每張範例圖看來都是精心製作的，我彷彿能看到精準的外型比例底下被隱藏的無數草稿線，這似乎是幻貓對繪畫的一貫要求?

關於貓的部分頗為受用，先在這裡謝謝摟。


～～～～

話說我改天想開的自動鉛筆的"表現材質技法"專區，蒐集現有和大家自創的自動筆密技，
讓上課偷畫圖或只用自動筆鉛筆的獸友們有更多可以輕鬆得畫出好看簡單的材質，到時候還請大家踴躍分享嚕XD"～

----------


## 卡賓

首先先感謝樓主的分享。
我剛好最近在煩惱畫畫起步的問題，有了樓主的指導我大概知道該從哪裡開始練習。
樓主這邊文章也點出了我個人在作畫中常常犯的小毛病，像是身體比例不對、太細等。

----------


## 呆瓜犬

感覺很完整又易懂的教學，

胸毛部分幫我解了迷思＝口＝....

頭部解析大好！很棒XD（什

獸爪和尾巴也很讚呢！！（拇指

感謝幻貓的教學，敝狼學了不少=W=

----------


## 炎狩

感謝幻貓的教學!!!
這教學對我有很大的幫助呢～(拇指 
[jcdragon-tail-faster]

----------


## Veritas

超棒的!
以往身型都畫得怪怪的
毛毛邊也畫不好
我一直不由自主地
要畫有點前後錯綜的感覺
看了這篇知道怎麼畫好
最近都練習畫肌肉猛狼.女
各種風格都試試

----------


## 亞ya

我是今天來報到的新人  :Very Happy:   :Very Happy:   :Very Happy:  
看到這個對我受益良多的教學真是棒  :Laughing:  
沒想到有這麼多畫法
我每個都要來練習看看
謝謝幻貓教學  :Embarassed:

----------


## 時風月˙幽

找到了www
雖然會畫獸人，但都是偏「重視人型」那邊的XD
謝謝帖主的詳細解說囉，會拿來研究下  :Very Happy: 

(是說我是因為要學怎麼畫動物才來的，希望不會被認識的人發現(掩面(?)

----------


## juilungliu

感謝樓主的分享
看完之後我也發現了自己畫畫時的一些缺點
每次畫完後都感覺很失敗
希望看完後能夠有所進步!!

----------


## ALEX

哇...獲益良多
畫獸人之法博大精深 學不來啊...
說起來我也是尾巴控說 0.0
WOW 沒有尾巴 否決!!
WF 沒有尾巴 否決!!
其他很多遊戲也是...為何沒有尾巴 =口=
嘿嘿 話說我還以為"自由捐獻箱"投入後會有發票勒~
呵呵 果然是我想太多 :3

----------


## 曉天狼

原本完全不會畫獸
看了這篇以後受益良多阿
謝謝幻貓大大
WOW美工那麼好的公司竟然沒有把狼人的尾巴裝上去
玩的時候看著背影都絕得好空虛阿
雖然還是創了5隻以上的狼人

----------


## 夢幻(Dream)

我有一個朋友，他是在暴雪公司上班，他從美國出差到台灣，因緣際會之下認識(如果不解釋清楚大概沒人相信)

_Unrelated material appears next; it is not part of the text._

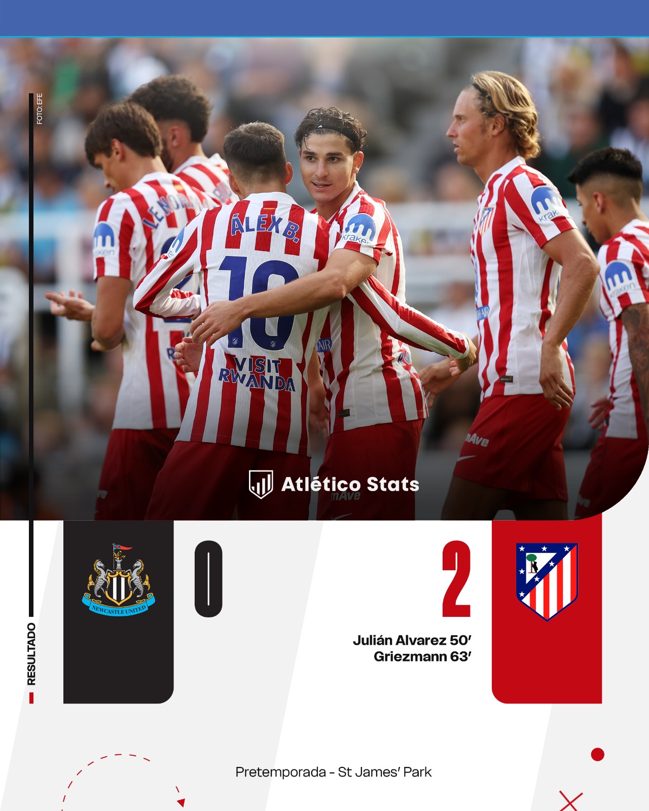Convincente. Posiblemente sea un buen adjetivo para definir las sensaciones que ha dejado el Atlético de Madrid en su último amistoso de esta pretemporada. No era un rival precisamente fácil el Newcastle United, equipo de Champions, que además ha podido realizar una pretemporada con más pruebas (seis amistosos).

不過後來就被分配到LOL的部門，也因為這樣，所以他之後就回美國了(淚)

----------


## 夢幻(Dream)

其實我跟大家分享一件事情好了O_O

其實從生物學的角度來看，大部分動物其實都是從同一個動物演化出來的，所以人跟狗的生理結構才會有所相似(這句話怪怪的)

所以只要了解人類的骨架，大概就可以畫出大部分的動物了......

不過也有些動物真的是演化到連老母都認不出來，例如說......你知道蛇和人類有親緣關係嗎?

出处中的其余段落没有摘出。